(RECORD SET begins)

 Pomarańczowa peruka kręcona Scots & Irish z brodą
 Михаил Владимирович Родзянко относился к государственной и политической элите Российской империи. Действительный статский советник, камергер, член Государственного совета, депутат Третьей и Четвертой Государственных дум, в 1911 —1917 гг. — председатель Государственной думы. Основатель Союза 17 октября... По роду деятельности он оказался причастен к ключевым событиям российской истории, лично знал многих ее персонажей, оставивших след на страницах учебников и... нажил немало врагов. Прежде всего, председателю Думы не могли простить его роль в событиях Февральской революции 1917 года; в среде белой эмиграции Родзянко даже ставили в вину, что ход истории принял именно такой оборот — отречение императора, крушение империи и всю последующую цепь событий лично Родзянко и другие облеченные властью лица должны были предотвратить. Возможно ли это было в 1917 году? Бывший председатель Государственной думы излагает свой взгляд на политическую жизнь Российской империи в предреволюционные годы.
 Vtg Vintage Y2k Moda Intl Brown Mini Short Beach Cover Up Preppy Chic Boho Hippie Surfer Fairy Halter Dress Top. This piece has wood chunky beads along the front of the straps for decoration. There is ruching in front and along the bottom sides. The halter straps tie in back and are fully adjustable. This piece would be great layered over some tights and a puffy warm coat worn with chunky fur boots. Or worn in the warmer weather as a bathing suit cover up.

(RECORD SET ends)
(RECORD SET begins)

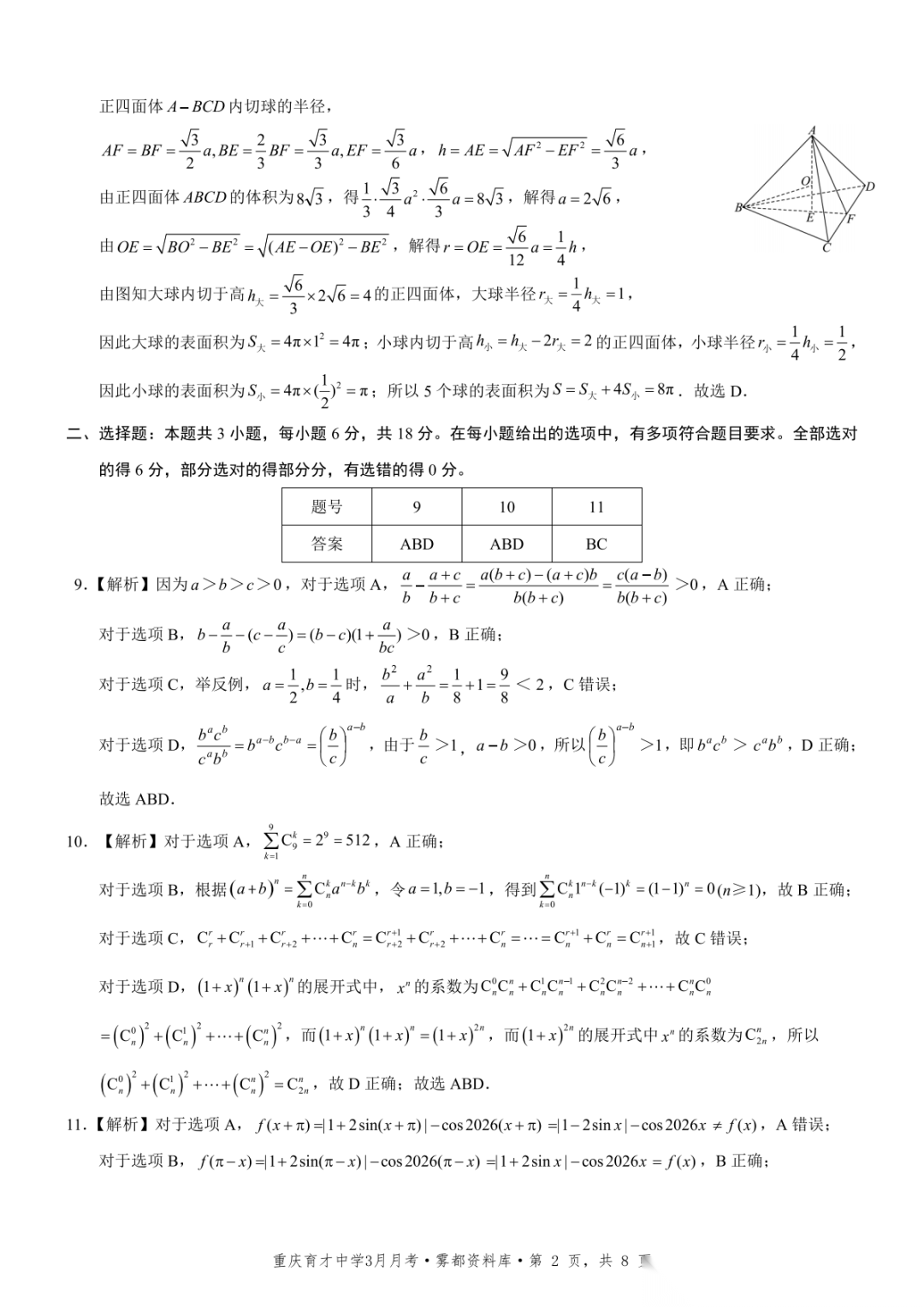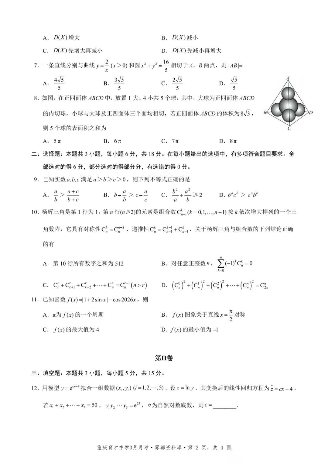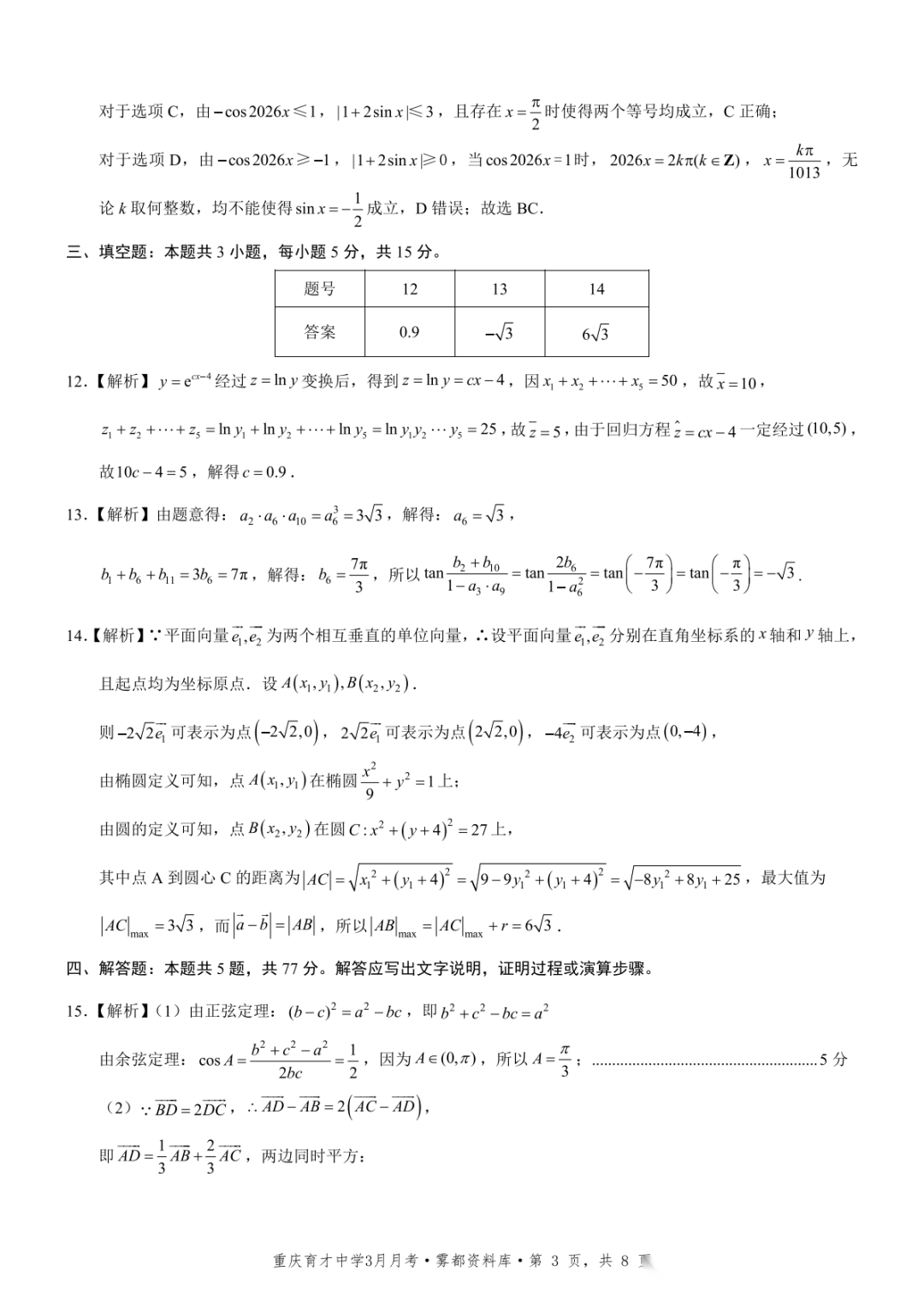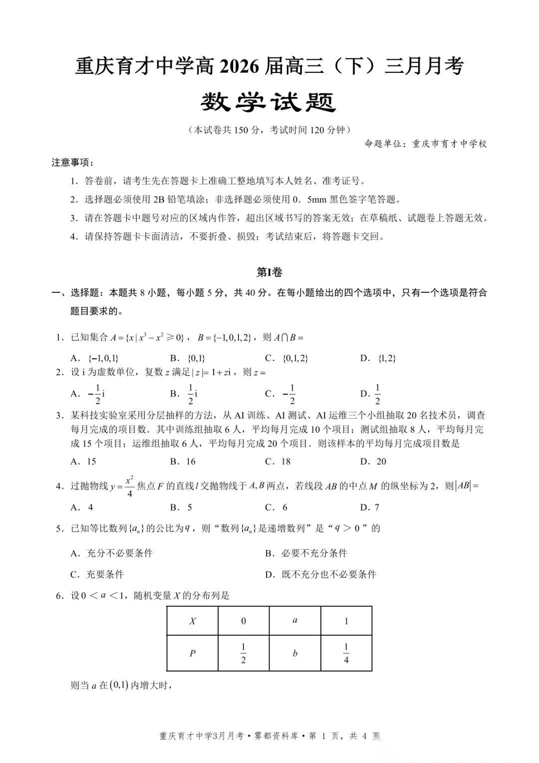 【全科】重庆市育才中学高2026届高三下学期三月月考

(RECORD SET ends)

In the data above, start at the line that has "Михаил Владимирович Родзянко", stop after the line that has "Vtg Vintage Y2k", and print every line in between exactly as it stands.

 Михаил Владимирович Родзянко относился к государственной и политической элите Российской империи. Действительный статский советник, камергер, член Государственного совета, депутат Третьей и Четвертой Государственных дум, в 1911 —1917 гг. — председатель Государственной думы. Основатель Союза 17 октября... По роду деятельности он оказался причастен к ключевым событиям российской истории, лично знал многих ее персонажей, оставивших след на страницах учебников и... нажил немало врагов. Прежде всего, председателю Думы не могли простить его роль в событиях Февральской революции 1917 года; в среде белой эмиграции Родзянко даже ставили в вину, что ход истории принял именно такой оборот — отречение императора, крушение империи и всю последующую цепь событий лично Родзянко и другие облеченные властью лица должны были предотвратить. Возможно ли это было в 1917 году? Бывший председатель Государственной думы излагает свой взгляд на политическую жизнь Российской империи в предреволюционные годы.
 Vtg Vintage Y2k Moda Intl Brown Mini Short Beach Cover Up Preppy Chic Boho Hippie Surfer Fairy Halter Dress Top. This piece has wood chunky beads along the front of the straps for decoration. There is ruching in front and along the bottom sides. The halter straps tie in back and are fully adjustable. This piece would be great layered over some tights and a puffy warm coat worn with chunky fur boots. Or worn in the warmer weather as a bathing suit cover up.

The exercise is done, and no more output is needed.